Time Fades Away

dimanche 18 novembre 2007

When it's good sure is good

La salle s'est levée comme un seul homme. Nous étions assis jusqu'alors, chose plutôt rare pour un concert, et depuis une bonne heure et demi, nous encaissions. Et alors qu'il quittait la scène, nous applaudissions à tout rompre, biens décidés à ne pas en rester là. Nous étions assis, tout comme lui, tout comme ses deux guitaristes, son batteur. Seuls son bassiste et sa violoniste ont joué debout. La formation était déployée en arc de cercle, et il était côté cour. Puis il est revenu, chaleureusement rappelé, nous nous sommes rassis. Lui l'était toujours, assis, engoncé, tout voûté dans son fauteuil roulant, la guitare en bandoulière non pas avec une sangle, mais un simple bout de corde. Il avait un bonnet vissé sur la tête qui surlignait ses paupières gonflées, ses yeux bridés par quelque probable artifice. L'homme ne tient pas en place, gigote sans cesse, a du mal à contrôler certains gestes de son bras gauche, il doit souffrir. Il tient son plectre entre le pouce et l'index de sa main droite, ses autres doigts sont morts. Cela n'affecte en rien la musique qui sort du pincement des cordes de nylon.

Le groupe, la bande du Thee Silver Mt. Zion, a mis en place les instruments. Lui est arrivé, sur la pointe des pieds, si j'ose dire, préparer son coin et dès que tout le monde était prêt, les lumières se sont éteintes. Ça a commencé doucement puis la tension est montée crescendo au fil des titres. Le dernier album North Star Deserter y est passé tout entier. Cela faisait longtemps que je n'avais ressenti quelque chose d'aussi intense, ni pareille émotion lors d'une prestation scénique, le frisson me parcourant régulièrement les bras puis le dos, les coups portés sur la grosse caisse me résonnant dans le corps tout entier, la respiration profonde parce que coupée, vidé, comme si, bien qu'assis, j'avais couru dix kilomètres.

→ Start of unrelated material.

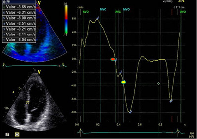 Patients provided their informed consent for this study and the investigation was previously approved by the Ethics Committee. All patients were in sinus rhythm with electrocardiograms that showed no abnormality. They were studied with Doppler echocardiography (Vivid IQ Premium ultrasound system). The variables analyzed were: Cardiac cycle (ms); Left ventricular systole (ms), LVPPMC (ms); Left ventricular diastole (ms); Relative Wall Thickness (RWT) (%); Left Ventricular Mass (LVM) (gr/m2); E/E’ ratio; LVFey (%); Left Atrial Volume (LAV) (ml/m2); Pulmonary Artery Pressure (PAP)(mmHg) and End-systolic volume (ml).
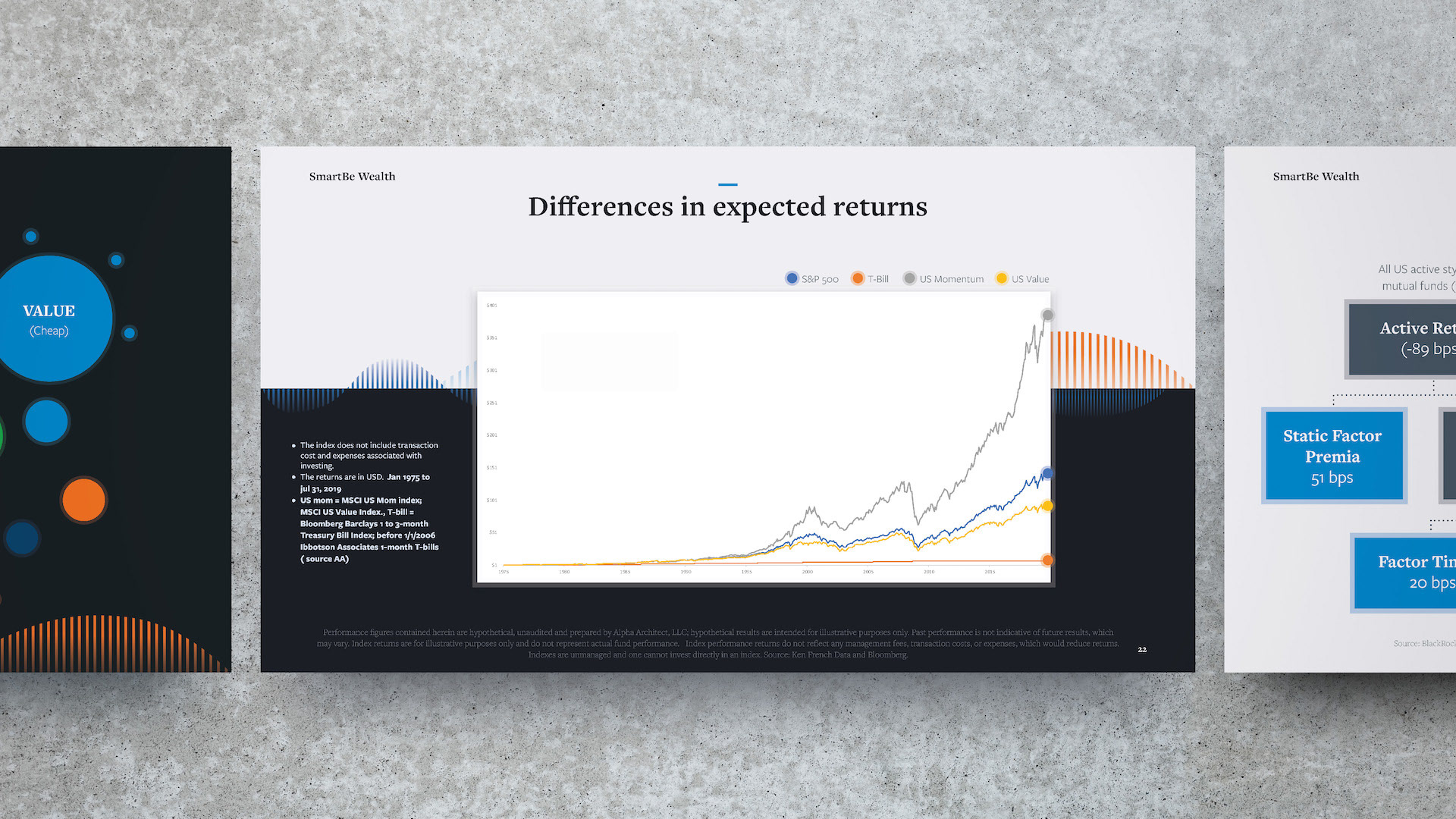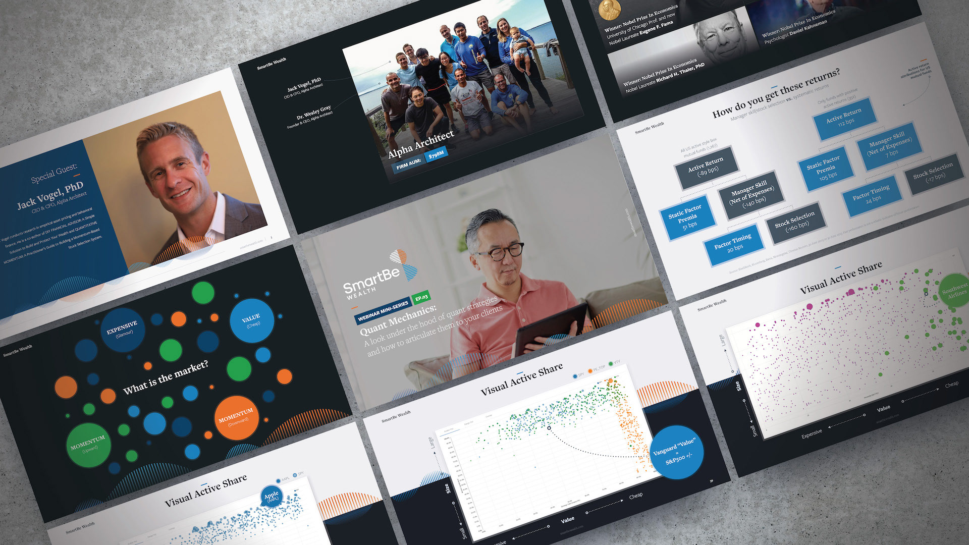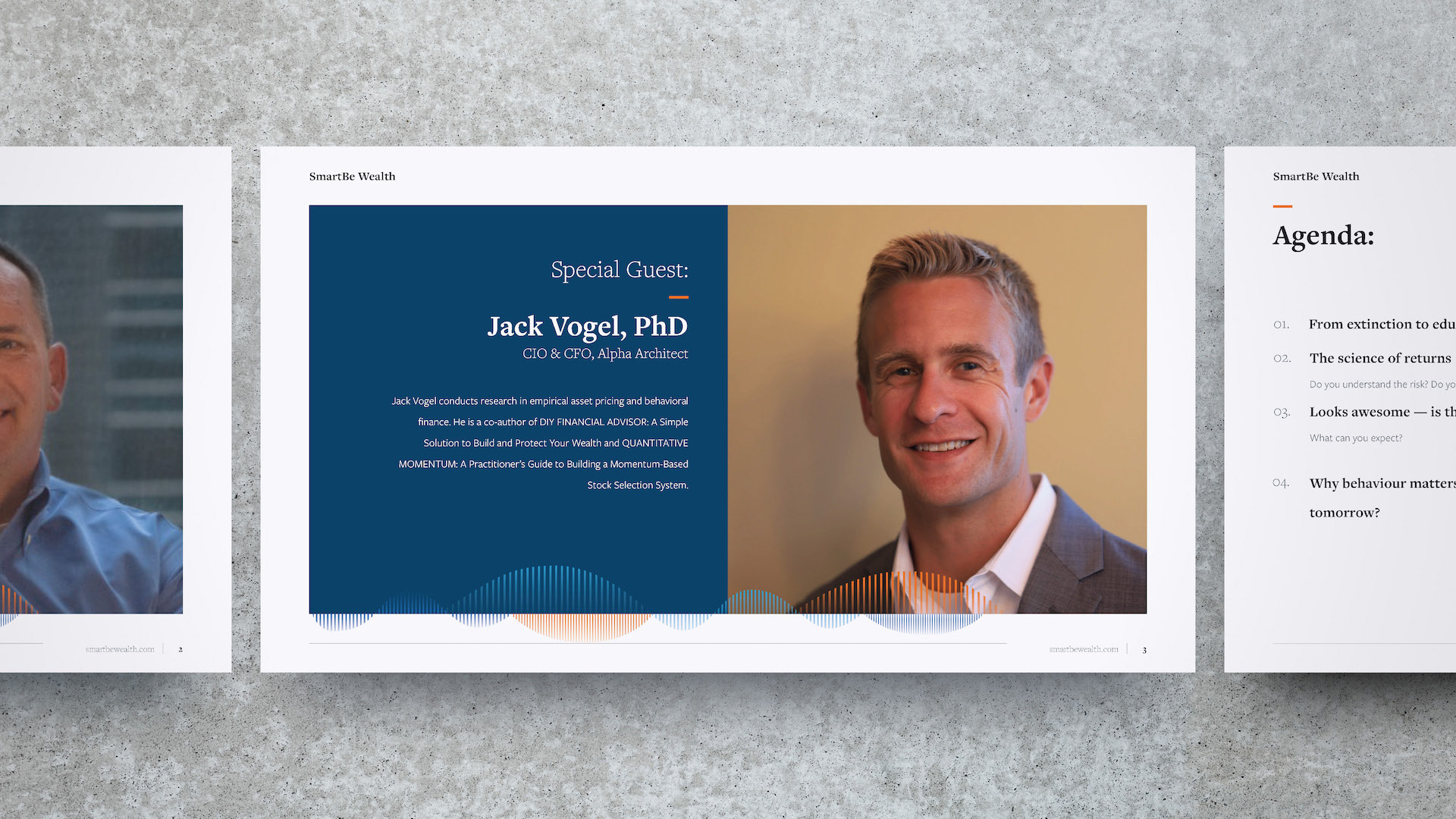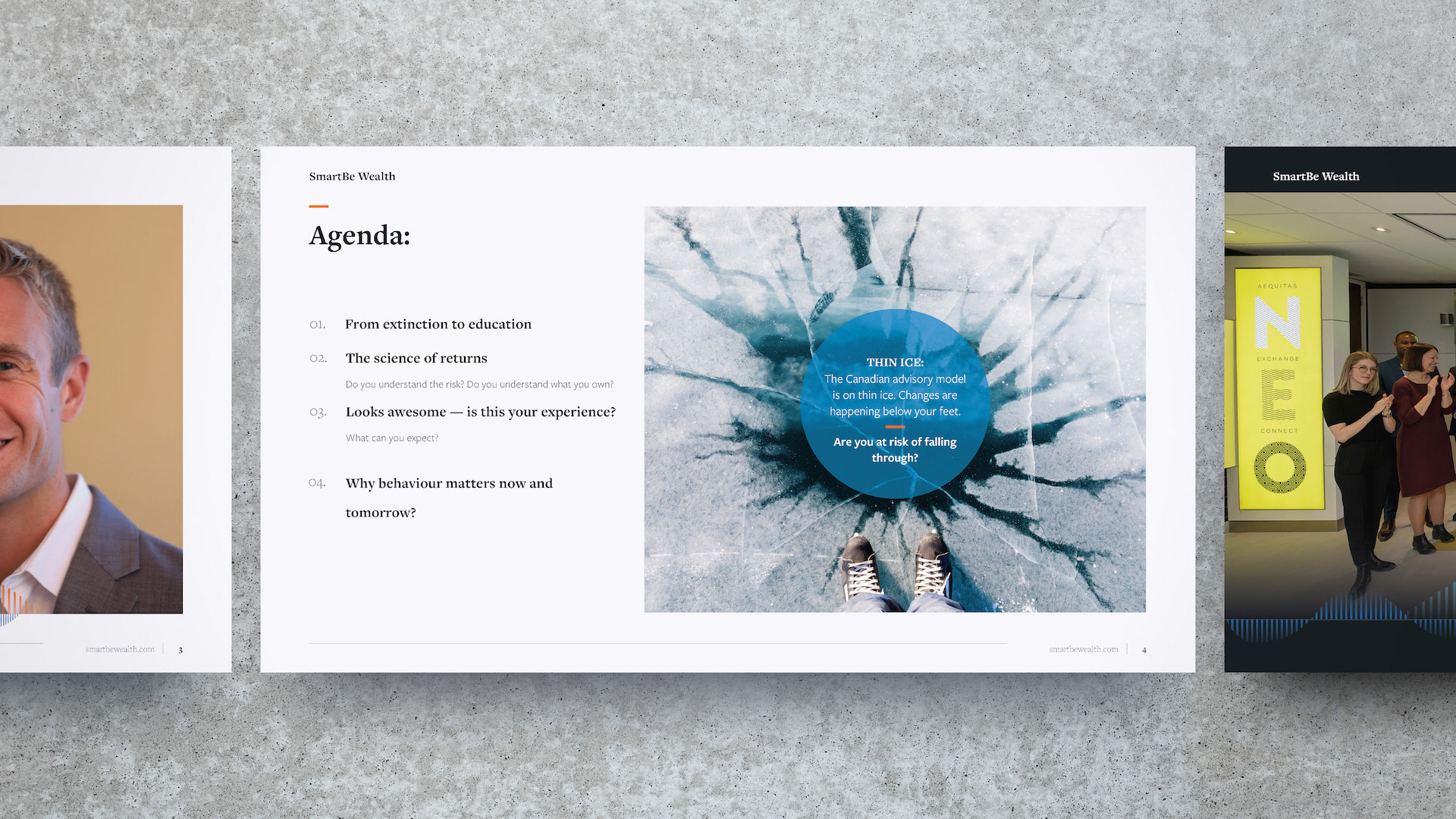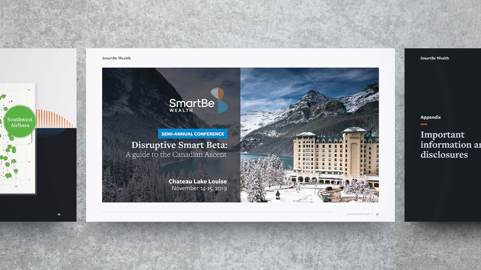 The SmartBe brand was built to steer clear of the classic cookie cutter investment manager brand look (vanilla lifestyle istock and "safe" colour schemes). SmartBe had previous invested in custom illustrations that thematically suggested attractive features of investing (risk aversion, sustainability etc). When designing this presentation series, I wanted to capture the friendly, smart, approachable brand roots SmartBe was planting. I accomplished this primarily with gentle fades, simplistic layouts and an abundance of whitespace.

Nous debout à la fin, lui assis à nous saluer, d'un mouvement de la tête, visiblement satisfait de ce qu'il nous avait donné et de ce qu'on lui procurait en retour à cet instant. Il s'est passé quelques chose, un fluide magique entre le groupe, une alchimie parfaite, une osmose totale entre la scène et nous spectateurs. Vic Chesnutt se produisait à La Cigale, ce 13 novembre. C'est Ruby Tuesday, classique stonien, qui a conclu le set, précédé d'Over dont quelques mots résument bien ce qui s'est passé:

"When it's good sure is good
Yes and when it's good it's great
When it's great it's oh so wonderful
But when it ain't it ain't."


Un extrait, dix jours plus tôt à Munich.

Après ces quelques heures hors du temps, la vie continuait au dehors. Le froid commençait à gagner le boulevard Rochechouart et les rues de Pigalle illiminées de leurs néons chamarrés. Les trains avaient cessé de circuler. Je passerai sous silence la première partie, aussi prestigieuse fût elle prestigieuse, Okkervil River, qui a pourtant livré un prestation honnête, épaulés d'un fan-club enthousiaste, mais bien terne et fade à côté de ce qui a suivi.

5 commentaires:

Anonyme a dit…

Donc en fait j'aurai dû venir quoi en gros...

Solitary Man a dit…

Ben, en gros, je crois...
A vrai dire quand j'ai pris le billet, je n'attendais pas trop grand chose. A part que je n'avais pas Vic Chesnutt à mon tableau de chasse. Et les chansons de North Star Deserter ont pris leur relief, sur scène, ce soir là.
Je le reécoute depuis d'une autre façon.

Noboru Wataya a dit…

moi j'ai à peine écouté Chestnutt. un ou deux albums. mais j'ai beaucoup chanté Guilty by association, qui me paralysait.
welcomome poulette!

Solitary Man a dit…

Nob Wat>
"Paralysait"
Tu as trouvé ,humm, le mot juste.

Noboru Wataya a dit…

oups. ouais. stait un peu infortuné ce choix de mots.